All rights reserved. Published by arrangement with Scholastic Inc., 557 Broadway,

New York, NY 10012, USA

© Д.А. Налепина, перевод на русский язык, 2014

© ООО «Издательство АСТ», 2015

Лошади умеют видеть сны и мыслить

образами – даже если люди об этом

и не догадываются…

Жеребенок

Кобыла почувствовала, как толкается внутри жеребенок, и беспокойно задергала ногами. Малыш скоро родится на свет – и ей нужно стоять на всех четырех ногах, а не болтаться подвешенной в воздухе.

Кобыла висела в большом гамаке, немилосердно раскачивавшемся из стороны в сторону при каждом ударе волн в борт корабля. Хорошо бы сейчас оказаться на золотистой соломе, а еще лучше – на мягкой шелковистой траве в тихой долине. Какое ужасное место уготовано малышу для рождения! Ненадежный корабль посреди бескрайнего моря…

Кобыла чувствовала беспокойство остальных лошадей. Они тоже знали, что вскоре должно случиться.

Трюм был просторным, и она могла видеть по крайней мере восьмерых своих собратьев. Уши коней тревожно и чутко подрагивали. Более мелкие животные – козы и свиньи – содержались в отдельных стойлах, и их кобыле было не видно. Впрочем, ее они и не волновали. Самое главное – лошади. Она видела, как восемь пар ушей поворачиваются то в сторону людей, то обратно к ней. Кони слушали человеческие разговоры и старались не пропустить начало родов.

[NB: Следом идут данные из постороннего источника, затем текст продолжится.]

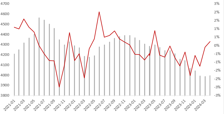 图2.1:能繁母猪存栏(万头)及环比变化(%)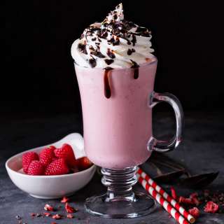 - In a microwave-safe mug, combine chocolate milk and raspberry syrup. Microwave on high for 90 seconds, or until desired temperature.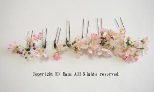 新作紹介 さくらのヘッドコサージュ 春といえば、桜ですね。先日アップした、さくらのヘッドコサージュです。桜の花が咲いている様子をかんざしで表現しようと何回も作品を発表してきましたが、今回はシルクフラワーを使ってリアルな髪飾りにしてみました。全部のパーツの一覧。7本セットです。... 2008.02.29 新作紹介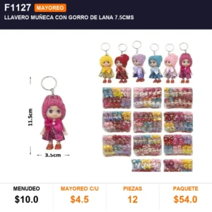 Llavero muñeca con gorro de lana 7.5cms cantidad
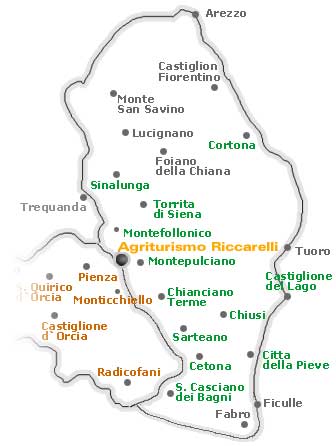 In Etruscan times, on the southern edge of the Valdichiana, stood the town of Chamars, powerful enough, in that period, to defeat Rome. In the historical centre, with its medieval architecture as well as styles of the granduchy, remains of the Roman structure can still be seen which were built on top of yhe pre-existing etruscan town. The Museo archeologico nazionale contains excellent Etruscan finds and Greek ceramics from the contryside around Chiusi; the funeral urns and sarcophagi are particularly interesting. It is possible to visit the catacombs and Etruscan necropolises; the tomba del Leone (6th century b.C.) and the tomba della Pellegrina (5th century b.C.) are open. Definitely worth visiting are the Museo della Cattedrale and the "labirinto di Porsenna", underground water passages built by the Etruscan and including a large cistern which leads to the romanic cathedral bell tower. There are four neighbouring localities: Macciano, Montallese, Montevenere and Querce al Pino. Festivals: The festival of Santa Mustiola with its palio delle Torri and the September wine festival.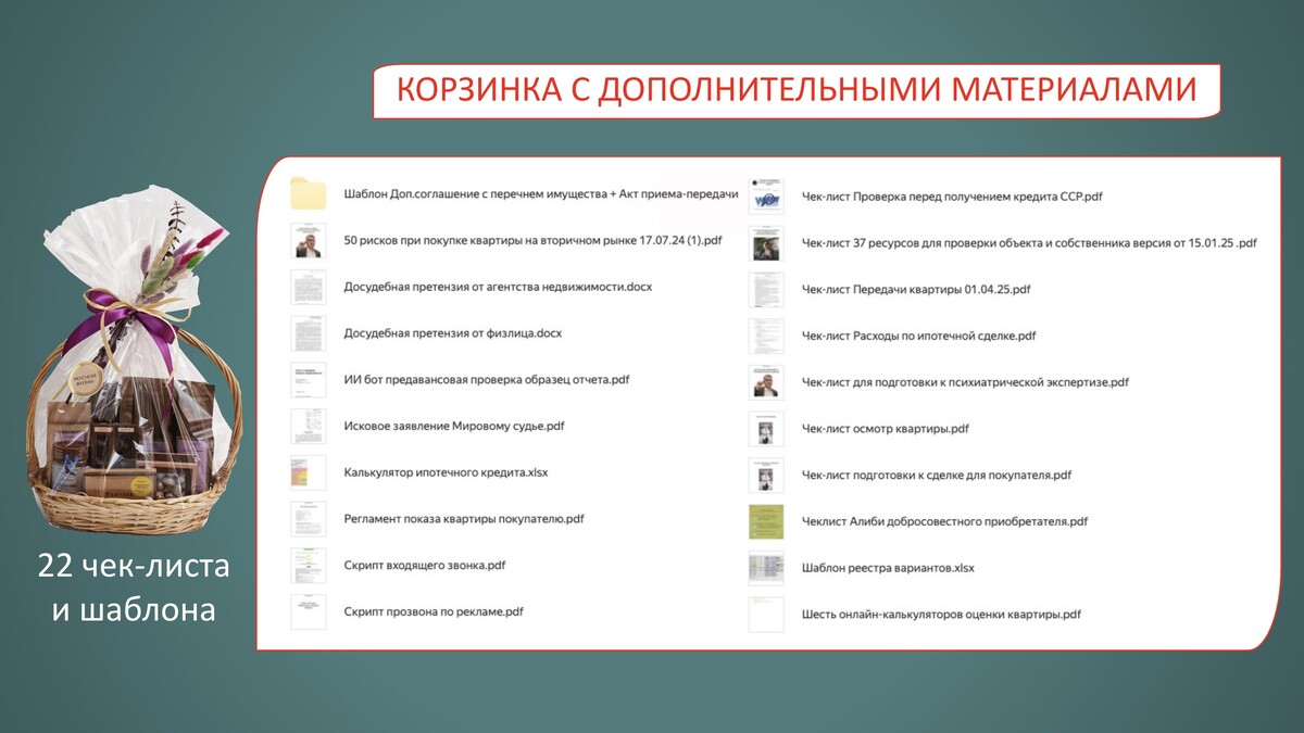 — контроль комплекта документов к сделке

Лошадей разместили в середине трюма, возле оснований двух мачт бригантины. Стенки денников были увешаны снопами соломы, чтобы животные не покалечились при сильной качке. Кобыла посмотрела себе под ноги. Копытами она почти касалась пола…

В трюме царили жара, сумрак и духота. Свежий ветер не мог сюда проникнуть; не было хода и солнечным лучам, так что от полной темноты трюм отделял только слабенький свет фонаря. Лошади потеряли счет времени, ведь здесь не было смены дня и ночи; только по углам таились глухие черные тени, в центре трюма переходящие в полумрак, не имеющий ничего общего с привычными земными сумерками.

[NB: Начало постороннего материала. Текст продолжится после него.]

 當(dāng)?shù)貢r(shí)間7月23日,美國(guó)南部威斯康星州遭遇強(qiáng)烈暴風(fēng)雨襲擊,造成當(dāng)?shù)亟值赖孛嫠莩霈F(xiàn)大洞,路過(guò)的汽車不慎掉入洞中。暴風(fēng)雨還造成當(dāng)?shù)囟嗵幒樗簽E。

В последний раз кобыла жеребилась в нормальной конюшне, стоя на земле, твердой и незыблемой, а до этого – в спокойной зеленой долине. Разумеется, долина – самое прекрасное место для того, чтобы дать жизнь жеребенку. Она помнила того малыша – у него была красивая масть. По шелковистой коже летели, прячась за серыми облаками, сотни маленьких серебристых лун… Тогда кобыла назвала сына Sombra Luna – Луна-В-Тени.

Теперь вот и этот жеребенок на подходе. Неужели Искатель и остальные люди не знают, что время пришло? Впрочем, и для нее самой беременность стала сюрпризом – она думала, что уже слишком стара для материнства. Но ведь люди видели ее живот, щупали его, когда подвешивали гамак накануне отплытия с Первого Острова… И никто ничего не сказал… наверное, они думали, что путешествие будет коротким. Никто не ждал, что всё так затянется. Кобыла слышала разговоры об этом между кузнецом и конюхом. А конюх – совсем мальчишка, тощий и долговязый, словно новорожденный жеребенок…

От приступа острой боли перехватило дыхание. Кобыла протяжно и тонко заржала. Мальчишка-конюх проворно выкатился из своего гамака и кинулся к ее деннику. Океан сегодня вел себя спокойнее, но гамаки лошадей все равно сильно раскачивались в одуряющем ритме. Конюх погладил лошадь, но тут взгляд его упал на темные капли, просачивающиеся сквозь парусину гамака, и на стремительно увеличивающееся пятно под брюхом кобылы.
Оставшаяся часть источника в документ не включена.